Exponential functions are a critical concept in calculus and appear in many mathematical contexts. An exponential function is usually expressed in the form \( a^{b(x)} \), where \( a \) is a constant base greater than zero, and \( b(x) \) is any real function dependent on \( x \).
What makes exponential functions stand out is their unique property: they grow or decay at rates proportional to their value. This results in fascinating mathematical behavior, essential in fields like finance for compound interest calculations, biology for population dynamics, and physics for radioactive decay.
In our exercise, \( y = 5^{- ext{cos}(2t)} \), "5" is the constant base and "\(-\cos(2t)\)" is a trigonometric function in the exponent. This combination complicates differentiation using standard rules.
To find the derivative of such functions, log differentiation, a powerful tool, simplifies the process significantly, especially when composite functions are involved.

The chain rule is an essential differentiation technique when dealing with composite functions. It allows us to differentiate functions nested within one another. The chain rule states: if you have a function \( f(g(x)) \), then the derivative is \( f'(g(x)) \times g'(x) \).
In the exercise, the exponent of our function \( y = 5^{- ext{cos}(2t)} \) is the composite function \(- ext{cos}(2t)\). To differentiate this, we need the chain rule because it consists of a cosine function of \(2t\).
Here’s how it applies: first, differentiate \(- ext{cos}(2t)\), giving \(2\sin(2t)\). This step is crucial parallel to applying the chain rule, which breaks down the differentiation process into manageable steps.
Understanding the chain rule unlocks the ability to tackle various complex functions by breaking them down into simpler parts.

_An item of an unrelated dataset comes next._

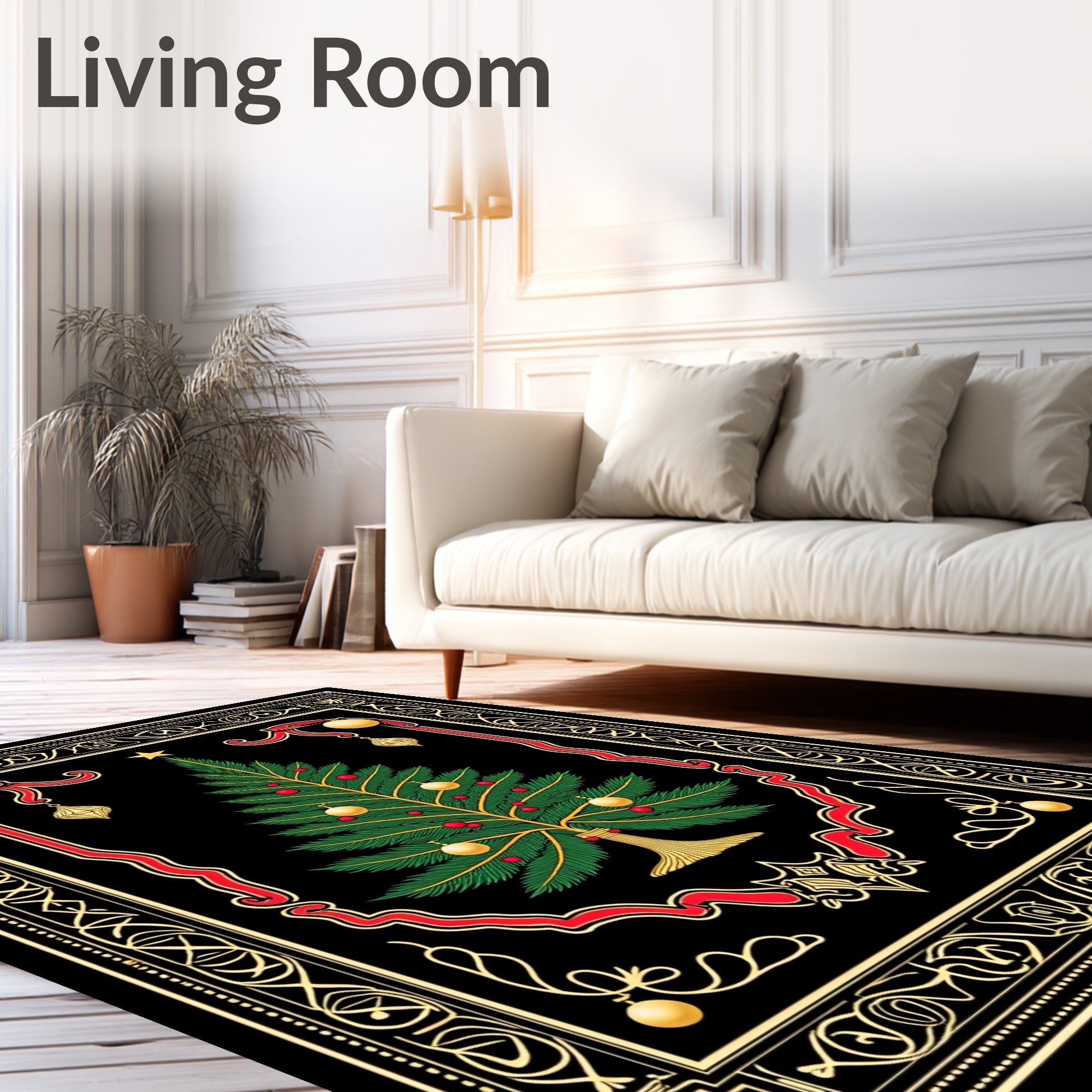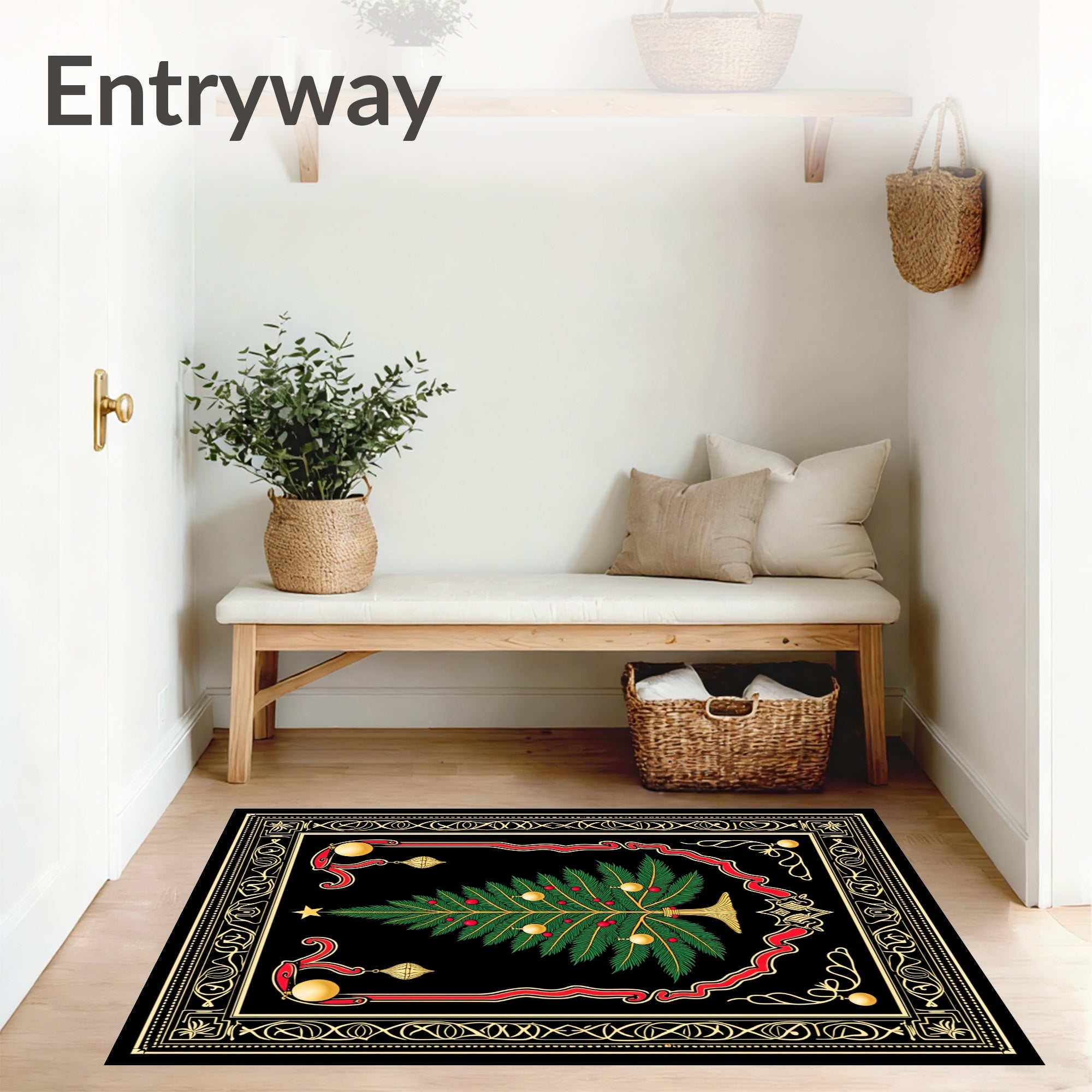 Ultra Soft Area Rug, Non Slip, Stain Resistant, Washable Area Rugs for Living Room, Bedroom, Heritage Holiday Heirloom Tannenbaum Treasure Collection(Green) Overview:

Trigonometric differentiation involves finding the derivatives of trigonometric functions such as sine, cosine, and tangent. Trigonometric functions appear frequently in calculus, particularly in problems involving oscillatory behavior, such as waves.
In our problem, we need to differentiate \(-\text{cos}(2t)\), which is our exponent in the exponential function. The derivative of \(\cos(2t)\) is \(-\sin(2t)\), but due to the chain rule and constant multiplication, the derivative becomes \(2\sin(2t)\).
Key derivatives to remember in trigonometric differentiation include:

• \( \frac{d}{dx}[\sin(x)] = \cos(x) \)
• \( \frac{d}{dx}[\cos(x)] = -\sin(x) \)
• \( \frac{d}{dx}[\tan(x)] = \sec^2(x) \)

These rules and proper application of the chain rule, as seen in the exercise, help evaluate the derivatives of trigonometric expressions effectively in various contexts.